In my view the answer is no, but there is no denying that the atmosphere has changed. Gone is the drive to popular individual and direct share ownership. In its place I sense a more pragmatic view in the late, nervous Nineties.

Instead of "Sid" being hectored on the joys of share ownership, he now faces a new problem: if someone has taken over your privatisation company, what do you do with the money? Buy another stock? Probably not, it is far too risky.

Instead, Sid is more likely to revert to the deposit account. If that happens then we will have learnt nothing from the last 15 years. Two per cent in a building society with 2.2 per cent inflation means that yet again we are losing money.

Now is the time for the mutual funds to rise up and help the cause of greater investor understanding and wealth creation. Unit and investment trusts should step in and help Sid with clear, competitive products, free from technical jargon and supported by sensible information and direction. If not, then all the opportunities of the popular share ownership initiative will have all been a wasted experiment.

But is direct share ownership dead? Was the Thatcher privatisation campaign - actually started by Labour in 1977 when the first tranche of BP was sold off - just a jolly bunfight for Sid and the stockbrokers? Again, in my view, no. Direct share ownership will still continue to develop, but this time in a different form.
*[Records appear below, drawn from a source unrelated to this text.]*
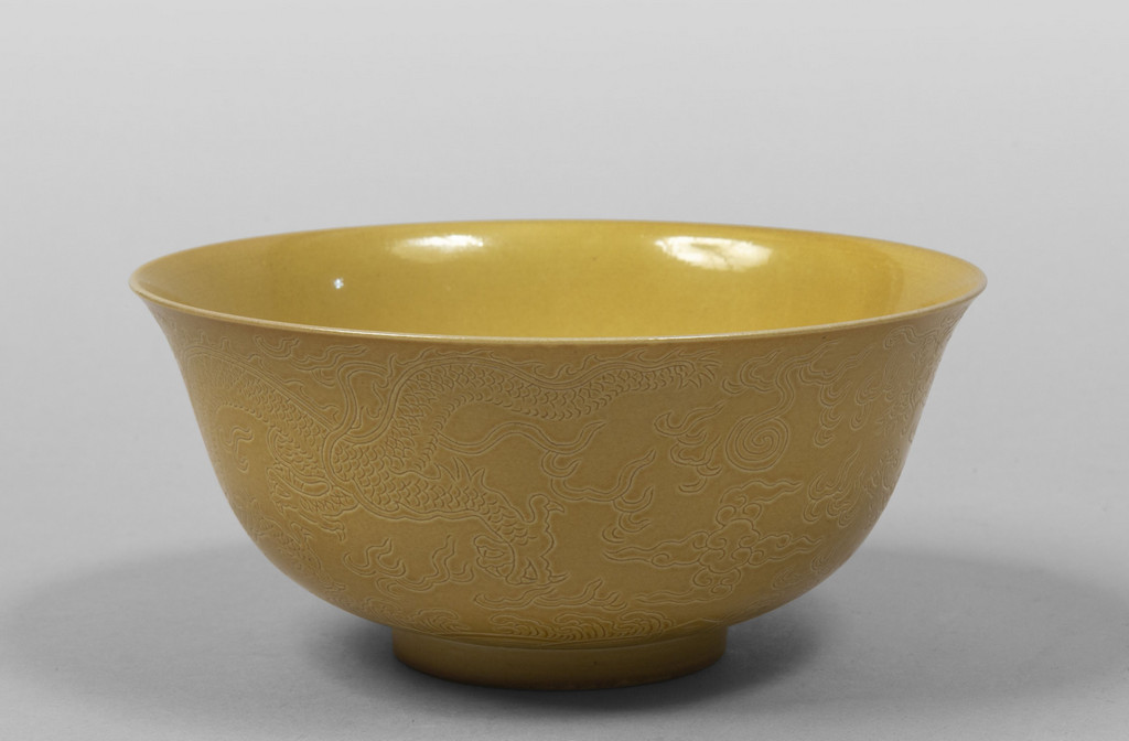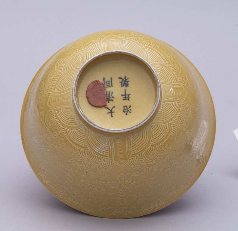 Ciotola in porcellana a fondo giallo, decoro inciso a dragoni, marcata sul fondo, Cina sec.XX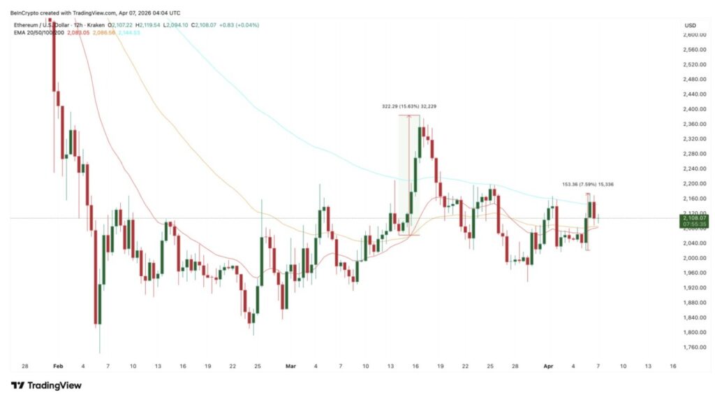 Jakarta, Pintu News – Harga Ethereum berada di level $2,108 pada grafik 12 jam per 7 April, melemah sekitar 1%. Secara sekilas, pergerakan ini terlihat biasa saja dan belum menunjukkan perubahan besar. Meski begitu, ada empat metrik berbeda dari sisi teknikal, derivatif, dan on-chain yang mulai mengarah pada kesimpulan yang sama, dan tidak satu pun mengindikasikan pelemahan lebih lanjut.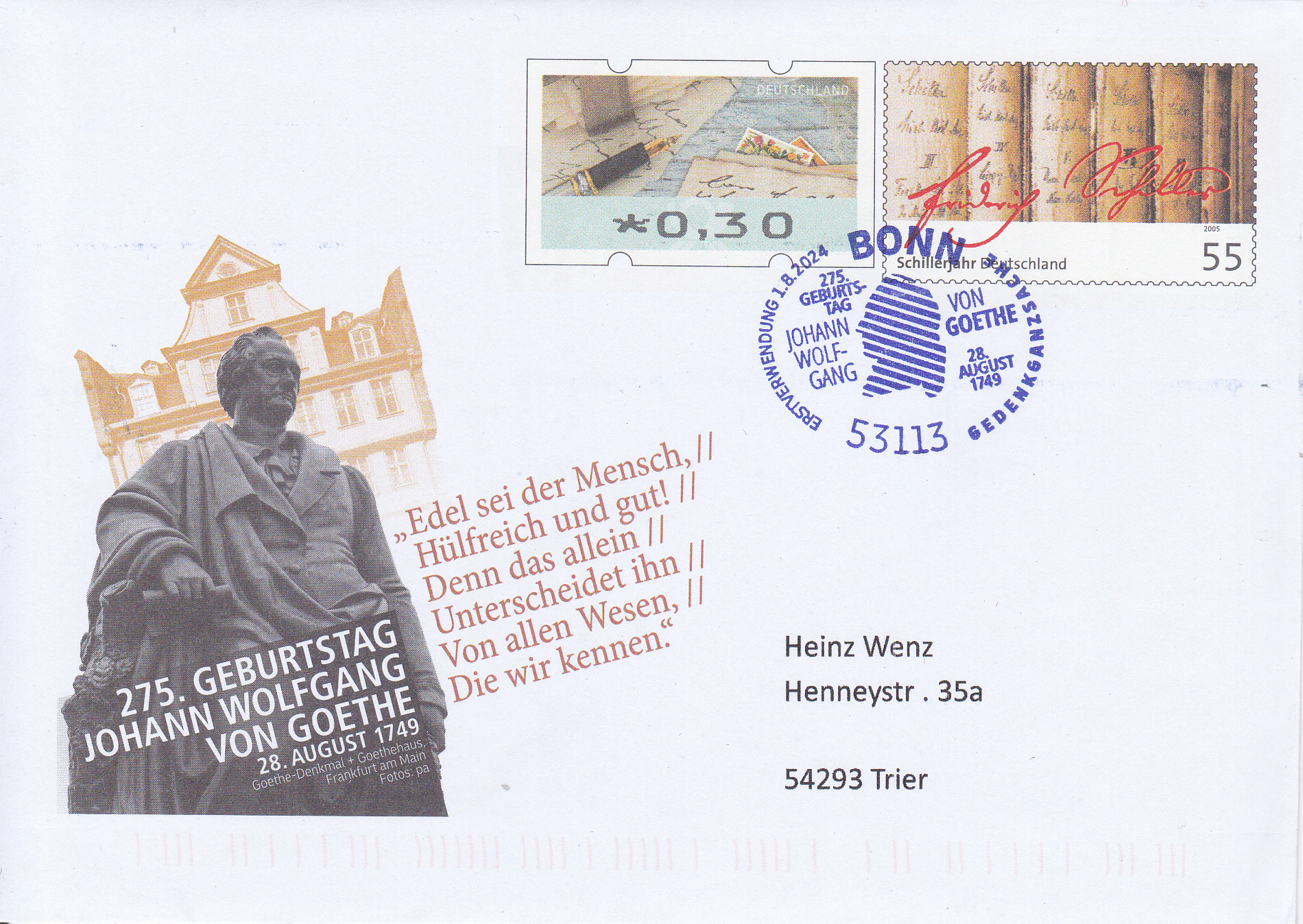 Karte, leider nicht gelaufen, mit einem Sonderstempel aus Ilmenau vom 17.7.1982 mit einer Unterschrift von Goethe und dem Zusatz "Goethestadt".

Next year we will be getting used to another ugly City term - de-mutualisation. This negative and uncreative-sounding term will positively effect many millions of us. Some of the largest building societies hand out their shares to members in 1997.

Over the next few years many will receive shares in floating building societies and insurance companies and, unfortunately, like the Sids before them, many will either just sell the shares swiftly or hide them in the drawer. I hope that this time our industry can take the opportunity to help savers develop their knowledge and understanding of investing for their future.

This is not all. Popular capitalism has other outposts which are still showing signs not just of survival but of growth and development. One area that is growing with greater vigour is that of employee share ownership. These days there are over 2,400 companies with some form of share ownership scheme.

Unfortunately, it is usually the schemes for large felines that hit the headlines but behind these, the majority of these firms issue stock to the workers of Britain on the scale of a small privatisation each year.

Cynics would say that these are just short-term share perks which are sold off swiftly to pay for the holiday. This patronising view is not true. Many beneficiaries of such schemes carefully husband their shares and shelter them in personal equity plans for a longer-term investment. The recent initiative from Angela Knight, the Treasury Minister, to reduce the minimum time-scales of the corporate save-as-you-earn schemes from three years will add further impetus to this growing area.

This underrated scheme should be highlighted far more. For once, all employees who have access to such a scheme can be assured of some benefit, if only from the tax-free clement of the savings scheme.

A further area of frenetic growth is in investment clubs. Here, from a very small level we have seen a mushrooming in the number of people interested in setting up and joining clubs to learn about investment and, heaven forbid, even enjoying it.

This has to be the best way for investors to learn about the peaks and pitfalls of direct stock market investment in a low-risk and responsible manner. And you don't even have to own an anorak. All over the country, private rooms over public bars are filled with earnest discussion over share values and investment opportunities.

So, as privatisations peter out it is not true that popular share ownership is dead, or even dying. But what is more important is that we should now be entering a new era of popular investment.

Why? Because the increasing pressure on us all to take on more responsibilities for ourselves leaves us little choice. As the state retreats we must take every opportunity to learn how to protect ourselves. Popular capitalism may have been fun for some while it lasted, but popular investment will be a necessity while we last.

Justin Urquhart-Stewart is business planning director at Barclays Stockbrokers.